Why We Tell, Instead of Show, in Our Writing

By Janice Hardy, @Janice_Hardy

I think one of the bigger issues with show, don’t tell, is that it’s hard to know why telling happens in the first place. Sometimes it’s a simple skill issue, but more often than not, told prose sneaks into our work without us realizing it. It’s harder to fix when we don’t know it’s there, especially if it’s the more subtle (and sneaky) variety.

Generally, telling happens when we’re trying to convey information to readers and we don’t know how to do it within the context of the scene we’re writing. It’s easier to back up and summarize instead of dramatize. We tell, because we don’t know how to show.

We have all this information and imagery in our heads and it doesn’t make it to the page, even when we think it does. We know a character is feeling a certain way, but we have trouble articulating that emotion. We know events unfold in a scene, but the exact details of those events are murky and we’re not sure how they play out. We know why characters act as they do and assume our readers will understand the same as we do. Which they don’t, so our stories feel detached and flat, lacking the emotion we feel when we read our own words.

Telling also happens when we need writing shorthand, which is actually a good thing. Our muse is on fire and our writing momentum is strong, so stopping that creative flow to flesh out one or two words will slow or stop the momentum. Adverbs are useful placeholder words that identify an emotion or action until we can come back later and flesh out that idea. A single line of dialogue “said angrily” might become a passionate two-page scene between romantic leads during our revision. We tell, knowing we can return to that scene later and develop it into something profound—except sometimes we forget to go back and do just that. And if we don’t revise quickly enough, we might lose that passion altogether and forget what we’d wanted to write. Often, we also forget they’re just first-draft words and we’re harder on ourselves for “bad writing” than we should be.

It’s also common to tell when we haven’t yet learned the skills to dramatize a scene, or we don’t know what details to put into a scene. Our writing skills are still developing and we don’t know which of the images in our heads to put on the page and which ones to discard.

And of course, telling can also happen if the subject is too painful to write and we need to keep our distance. We know a scene is vital to the story, but showing it is hard. Maybe it’s an emotion we don’t want to personally face, or something we have trouble relating to. Skimming the surface of the emotions or situation makes it easier to bear.

As much as we try to show and not tell, telling is part of storytelling. It’s going to happen, and it’s going to end up in our stories, so we don’t need to fear it. Some of the things we tell will serve our stories and some of them will hurt them–and it’s our job as writers to figure out the difference.

If you’re struggling with show, don’t tell, step back and analyze why you might be telling.

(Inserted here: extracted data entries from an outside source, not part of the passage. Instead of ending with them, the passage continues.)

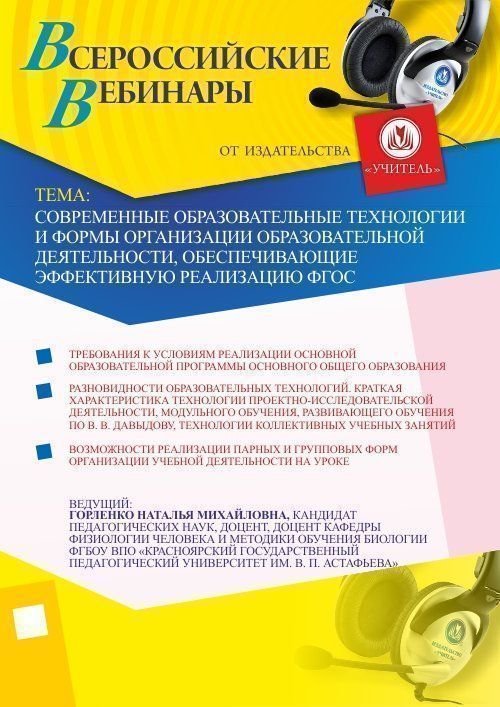Приглашаем руководителей, учителей, методистов принять участие в offline-вебинаре «Современные образовательные технологии и формы организации образовательной деятельности, обеспечивающие эффективную реализацию ФГОС».
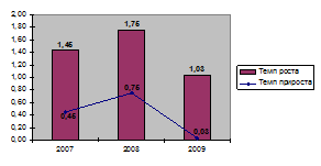 Темп прироста в 2007 году составил 0,45, в 2007 году 0,75, и в 2009 году 0,03, что свидетельствует о том, что кредитные вложения банка с каждым годом возрастают.
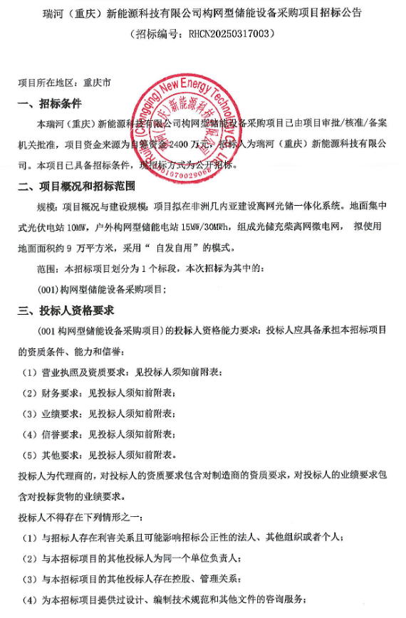 中國儲能網(wǎng)訊:3月18日,瑞河(重慶)新能源科技有限公司發(fā)布15MW/30MWh構(gòu)網(wǎng)型儲能設(shè)備采購項目招標(biāo)公告。包括完成設(shè)備的供貨(設(shè)計、制造,含備品、備件等)、裝配(含出廠前組裝、測試和檢驗等)、裝卸、運輸(含包裝、保險)、指導(dǎo)安裝、調(diào)試、驗收,以及質(zhì)量保證期內(nèi)的維修、維護、保養(yǎng)、人員培訓(xùn)等支持和其它相關(guān)伴隨服務(wù)等工作內(nèi)容。
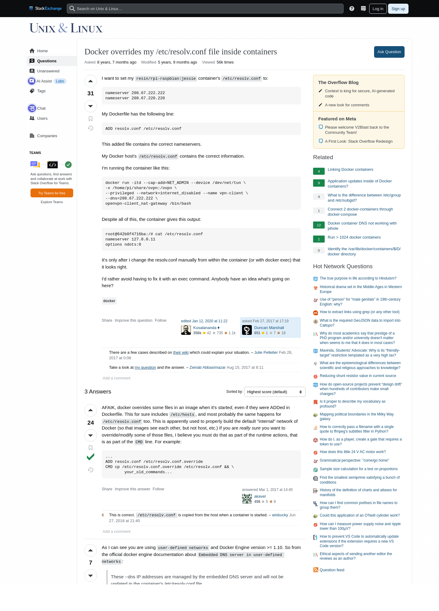 2025-10-08 4:08PM Docker overrides my /etc/resolv.conf file inside containers - Unix & Linux Stack Exchange ❢  πŸ“„  πŸ’»  πŸ…·  πŸ††  πŸ“¦  πŸ†  πŸ…Ό  πŸ…Ά  πŸ“Ό  πŸ›   9 https://unix.stackexchange.com/questions/347939/docker-overrides-my-etc-resolv-conf-file-inside-containers
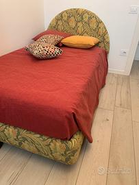 Letto a una piazza e mezza con materasso su misura nuovo a molle insacchettate e cuscino su misura titto rivestito da un tappezziere 400 euro
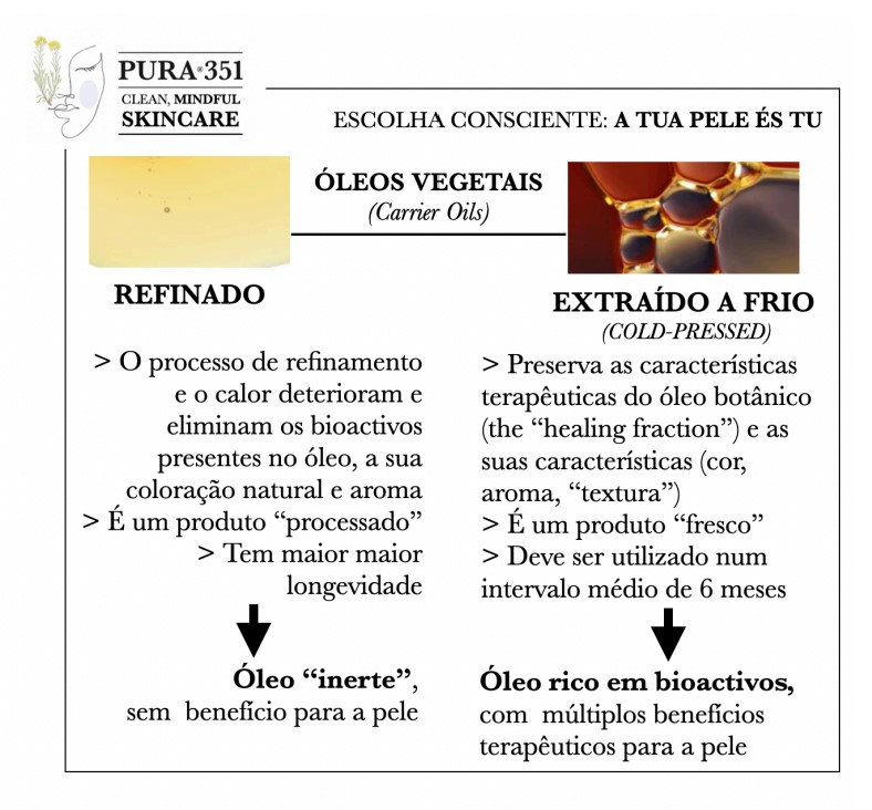 - Processo de extração: Opta por óleos não refinados e extraídos a frio (cold-pressed) para garantir a pureza e eficácia. Se esta identificação não estiver expressa é porque provavelmente estás perante um óleo que foi sujeito a processos de refinamento, que foi lesado na sua composição original (Hashempour-Baltork et al., 2022) e que perdeu as propriedades que beneficiariam a pele.
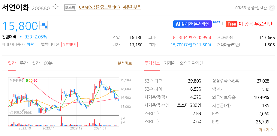 서연이화 주가 분석
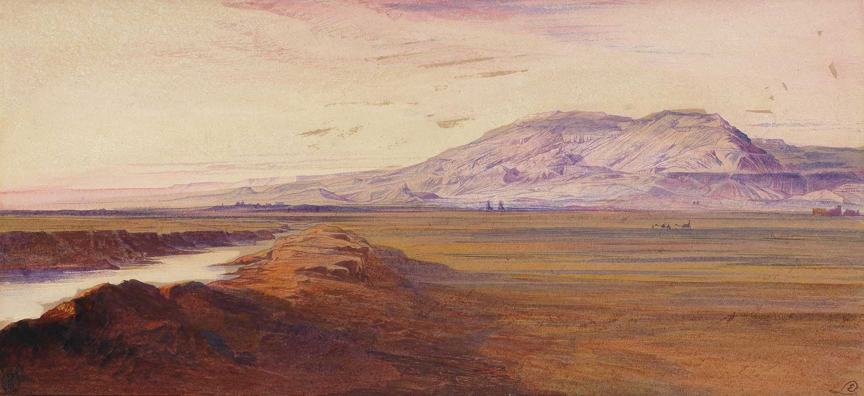 Lear visited Thebes in February 1854, spending ten days sketching the temples, ruins and landscape, as part of his journey along the Nile. A similar composition to the present lot, painted in 1885 and based on sketches made during this visit, is in the collection of the RISD Museum, Rhode Island.
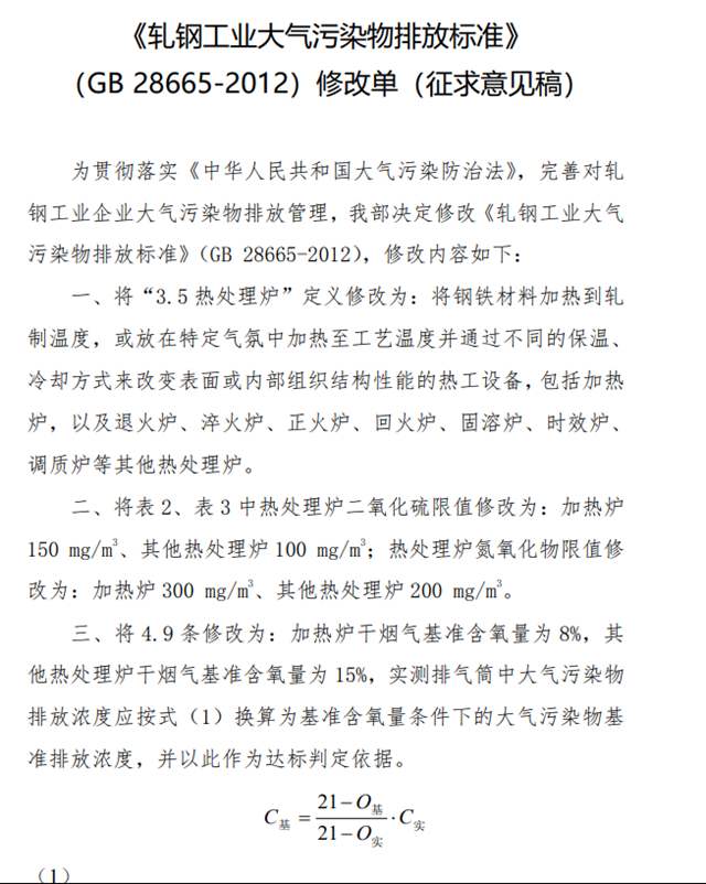 4.《軋鋼工業(yè)大氣污染物排放標(biāo)準(zhǔn)》(GB 28665-2012)修改單(征求意見稿)
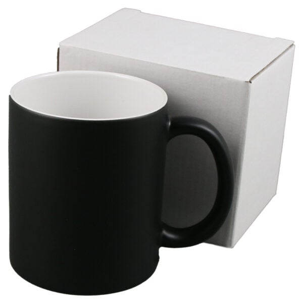 Cana ceramica termosensibila, negru mat, 300 ml, sublimabila + cutie individuala
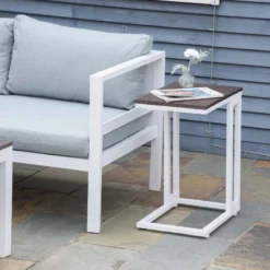 - Coffee table and side table with wood-like tabletop creates a natural look
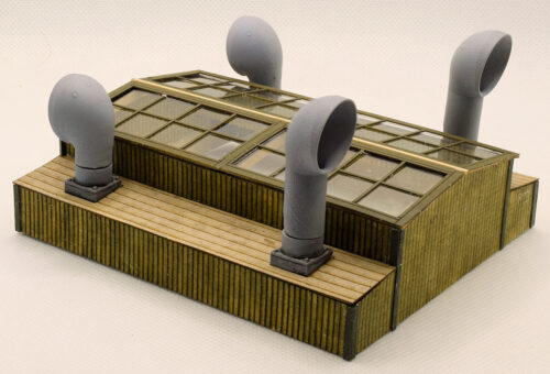 Here I am test fitting the O scale 2×4 Ridgepole which runs the length of the Skylight fitting into slots in the gables. It stops against the end walls just shy of the Laserboard overlays.

  • Is there something about the story you’re still trying to figure out?
  • Do you lack the skills necessary to dramatize a strong scene?
  • Is the scene emotionally difficult for you to write?
  • Is it just first-draft writing and you’re being too hard on yourself?

Show, don’t tell is so subjective that it helps to consider how and why it gets into our writing so we can best deal with it. If we’re not ready to write a scene, all the advice on red flag telling words and fixing told prose won’t help. If we don’t yet have the necessary skills to show what’s in our head, seeing the scene perfectly in our minds won’t get it onto the page. But when we know why it’s happening, then we’ll know how to approach fixing it.

Do you know why you tell?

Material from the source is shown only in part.